Проповедник, растерявший свою паству, садится на спинку лавки и достает из кармана бутылку. Долго пьет из горла дрянное пойло, морщась и фыркая, а после смотрит на людей в черных костюмах и смачно отрыгивает.
- Да пошли вы, гондоны!
Тело этого человека так и не найдут. С простреленной головой его сбросят в реку, и через пару дней, разбухший и посиневший, он навсегда найдет приют в затопленном ивняке, где, зацепившись за ветку воротом свитера, будет долго разлагаться на радость паразитам.
4
Журналистка Кэти Забава еще не знает, что ей предстоит.
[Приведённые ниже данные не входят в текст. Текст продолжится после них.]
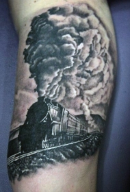 大臂逼真的黑灰音乐家与吉他纹身图案

Она расчесывает свои огненные локоны гребнем из косметички и смотрит в зеркальце припаркованного рядом микроавтобуса марки Газель. На машине, выкрашенной в синий цвет, красуется огромный, будто медаль за отвагу, логотип телевизионной компании «Единица». Тонированные окна Газели нагло смотрят на ограждения и посты, выставленные военными, а улыбчивый губка Боб, болтающийся над лобовиком, между солнцезащитными козырьками, придает моменту еще большую издевательскую нотку. Оператор – полноватый курчавый мужчина в синей рубашке и наброшенной поверх джинсовой жилетке с множеством карманов - сидит в салоне, у раскрытой двери и держит видеокамеру на коленях. Рядом, на соседней сидушке, продавленной его же весом, лежит зачитанная до дыр книжка с советами бросить курить. Оператор вздыхает, с тоской смотрит на журналистку и достает из нагрудного кармана пачку сигарет. Затягивается и довольный закатывает глаза.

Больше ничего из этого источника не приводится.